▸ The task
Scan the data beneath this task and copy each line that includes "Good".

** Data to process follows **

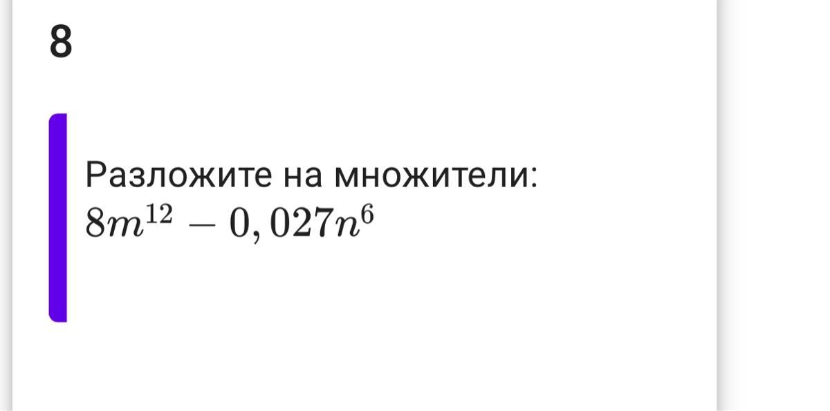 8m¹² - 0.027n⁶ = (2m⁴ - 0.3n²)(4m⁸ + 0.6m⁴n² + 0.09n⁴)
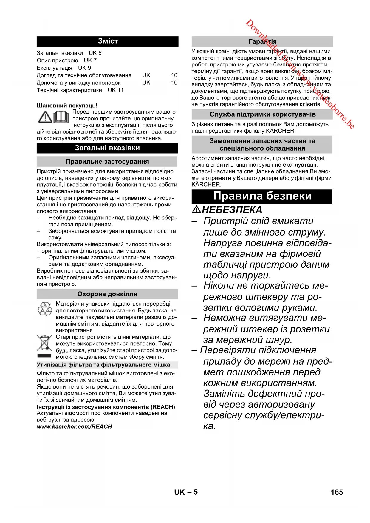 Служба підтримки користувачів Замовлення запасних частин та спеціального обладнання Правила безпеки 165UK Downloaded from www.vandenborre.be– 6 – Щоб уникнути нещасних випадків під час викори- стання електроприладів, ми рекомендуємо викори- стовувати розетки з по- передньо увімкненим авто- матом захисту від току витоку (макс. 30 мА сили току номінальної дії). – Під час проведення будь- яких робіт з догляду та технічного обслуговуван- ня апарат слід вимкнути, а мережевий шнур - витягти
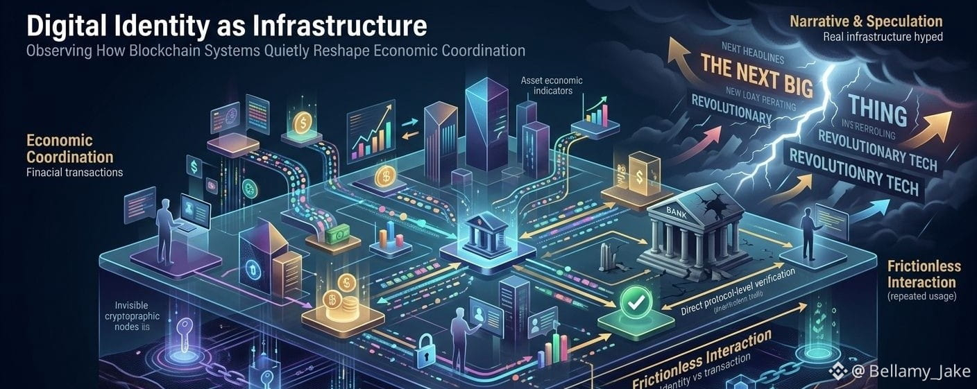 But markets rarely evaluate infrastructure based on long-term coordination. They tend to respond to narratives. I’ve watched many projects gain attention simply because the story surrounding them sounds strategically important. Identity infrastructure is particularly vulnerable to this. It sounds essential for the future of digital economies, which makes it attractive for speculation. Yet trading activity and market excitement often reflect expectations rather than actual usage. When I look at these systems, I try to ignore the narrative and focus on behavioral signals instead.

** End of Data to process **
** Data to process follows **

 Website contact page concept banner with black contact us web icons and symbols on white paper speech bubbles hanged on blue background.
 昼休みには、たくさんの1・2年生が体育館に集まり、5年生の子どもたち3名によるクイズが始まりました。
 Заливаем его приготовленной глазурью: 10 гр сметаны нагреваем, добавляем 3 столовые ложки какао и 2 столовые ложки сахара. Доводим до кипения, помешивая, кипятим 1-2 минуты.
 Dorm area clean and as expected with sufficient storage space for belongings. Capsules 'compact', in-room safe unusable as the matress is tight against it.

** End of Data to process **
** Data to process follows **

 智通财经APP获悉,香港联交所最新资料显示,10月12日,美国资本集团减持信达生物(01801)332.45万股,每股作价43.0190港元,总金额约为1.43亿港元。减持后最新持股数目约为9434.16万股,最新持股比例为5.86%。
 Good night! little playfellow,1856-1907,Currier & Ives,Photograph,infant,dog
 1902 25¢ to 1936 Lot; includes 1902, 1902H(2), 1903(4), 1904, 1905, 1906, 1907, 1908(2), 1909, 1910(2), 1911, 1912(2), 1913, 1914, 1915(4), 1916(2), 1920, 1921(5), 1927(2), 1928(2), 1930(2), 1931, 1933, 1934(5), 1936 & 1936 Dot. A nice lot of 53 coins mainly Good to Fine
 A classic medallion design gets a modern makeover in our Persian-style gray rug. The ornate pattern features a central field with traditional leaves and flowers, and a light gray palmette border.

** End of Data to process **

▸ Reply
 Good night! little playfellow,1856-1907,Currier & Ives,Photograph,infant,dog
 1902 25¢ to 1936 Lot; includes 1902, 1902H(2), 1903(4), 1904, 1905, 1906, 1907, 1908(2), 1909, 1910(2), 1911, 1912(2), 1913, 1914, 1915(4), 1916(2), 1920, 1921(5), 1927(2), 1928(2), 1930(2), 1931, 1933, 1934(5), 1936 & 1936 Dot. A nice lot of 53 coins mainly Good to Fine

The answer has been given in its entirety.